У Елены потеплело на душе. Хозяйка была совсем юная, а вот нашла же слова, растрогавшие ее. Нет, не нашла. Она их не искала. Они сами у нее рождались из сердца.
В доме опрятно, уютно. Стены рушниками украшены. На полах — домотканые цветастые дорожки. Кровать высокая, с вышитым подзором. Подушки накидками накрыты.
«Та непогано вже жили до війни, хай вона сказиться, — продолжала молодица, заметив любопытство Елены. — Построились. Садочок посадили. А приїхали — ні кола ні двора не було. — Потом уже отвечала Елене: — Івась мій з Полтавщини. З Решетилівки. А я тутешня. Чули, село Добропілля? Комсомол на шахти молодь кликав. Тут і здибались. Відкатницею робила. А він — вибійником. Було як прийде в гуртожиток — усі дівчата тануть. Високий, чорнобривий. У смушковій шапці. Найкращі ж смушки чинять решетилівці... А ще й стахановець. Ще й газети про нього пишуть. Ходив, ходив до мене. «Давай, — каже, — Оксаночко, поберемось». Та й побрались. — Она расставила тарелки, нарезала хлеб, сказала: — Зараз діточок приведу. У сусідки вони граються».
И привела троих — мал-мала меньше. Встретила растерянный и восхищенный взгляд Елены, пояснила:
«Радість велика — дітлахи. Та не в цей скорботний час. Хто ж знав, що війна суне? От і залишились безбатченками. Був отой бронь у Івася. А він пішов боронити. У шахтарську дивізію. — И вздохнула. В глазах отразилась тревога. — Сідайте з нами вечеряти, — пригласила Елену. — Чим багаті, тим і раді».

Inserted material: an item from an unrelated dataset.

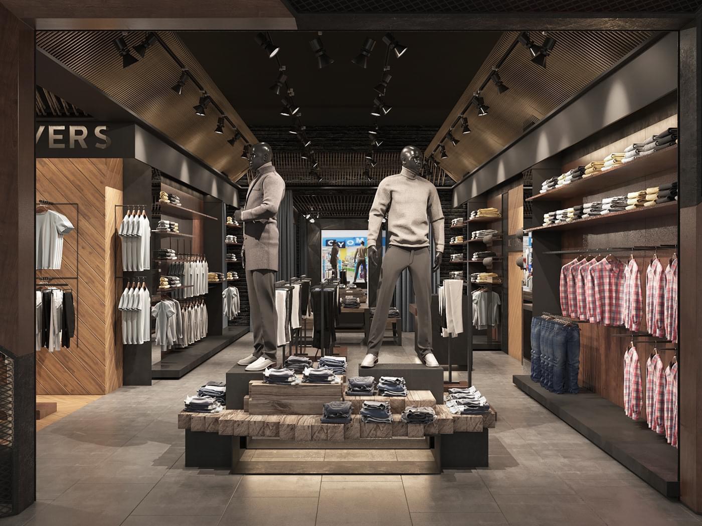 Kệ trưng bày quần áo nam phối cảnh 3D_mẫu GT06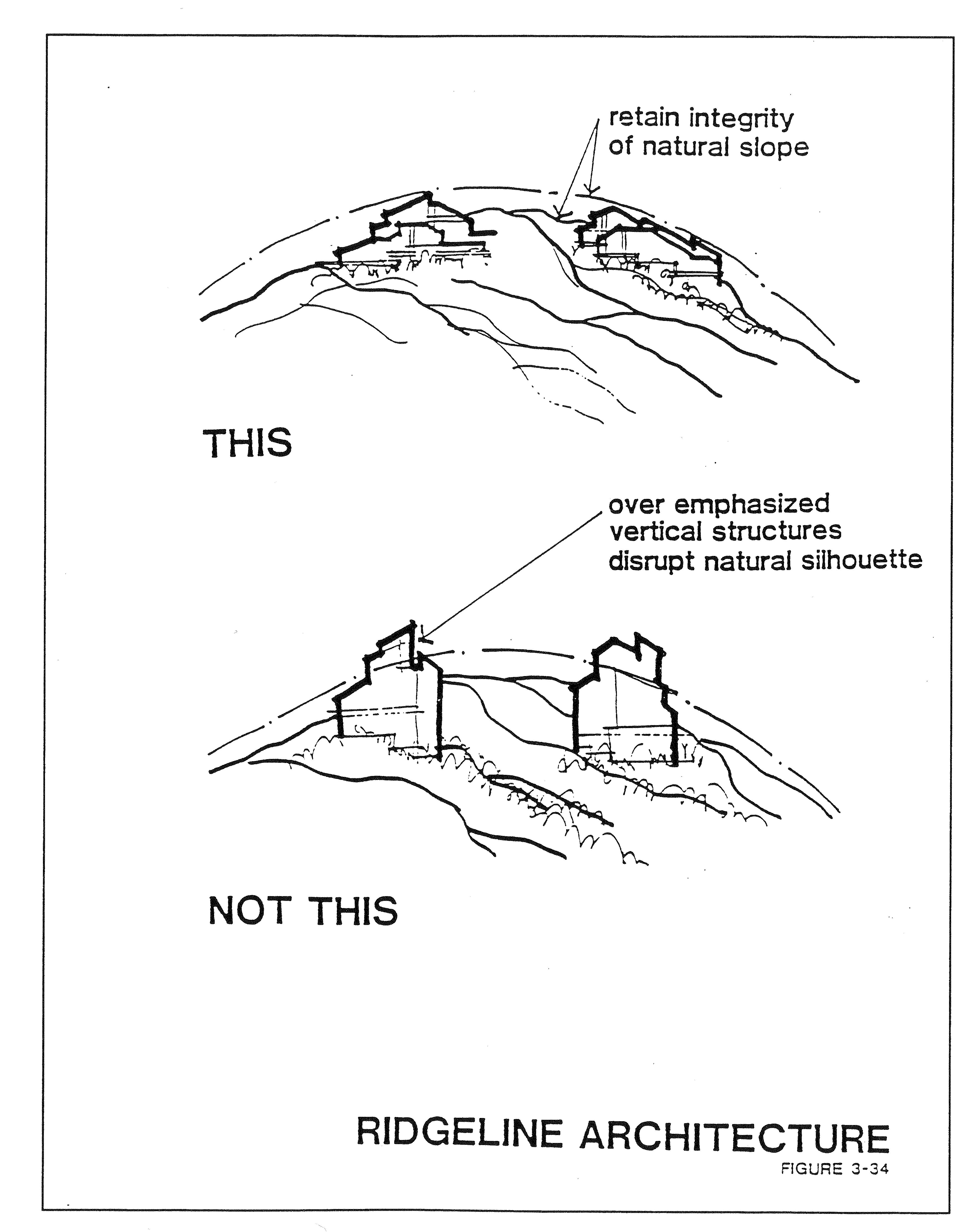 Homes constructed along ridgelines shall be designed to be compatible with the general gradient of the existing landform. The developer should avoid architectural styles that over emphasize vertical surfaces and disrupt the natural silhouette of the ridge.

Потом убирала со стола, укладывала детей. И все это проворно, ловко. Вслух рассуждала, словно хотела убедить Елену в своей правоте:
«Як ото люди за ці хати чіпляються! За ганчірки! Воно усе наживне. Тільки евакуація почнеться — кину все. Хай воно вогнем горить, як малих під загрозу ставити. Мені аби крихіток рідненьких врятувати. Живі будемо — відбудуємось».
Что могла сказать Елена? Физические и душевные страдания окончательно вымотали ее. Она уснула, едва коснувшись подушки. Но сон был неспокойный. Ее преследовали кошмарные видения. Пережитое за день продолжало беспокоить и ночью.
Спал дом. Спал городок, не ведая о том, как близка опасность. В полночь госпиталь подняли по тревоге. Пришло несколько машин. Они не могли забрать всех. Выносили тяжело раненых. Те, кто мог передвигаться, сами потянулись к околице.
Для многих эта ночь была последней в жизни. Фашистский десант уже готовился к броску. Взвыли мины. Их резкие разрывы вспороли тишину ночи. Почти одновременно со всех сторон затрещали пулеметы, автоматы.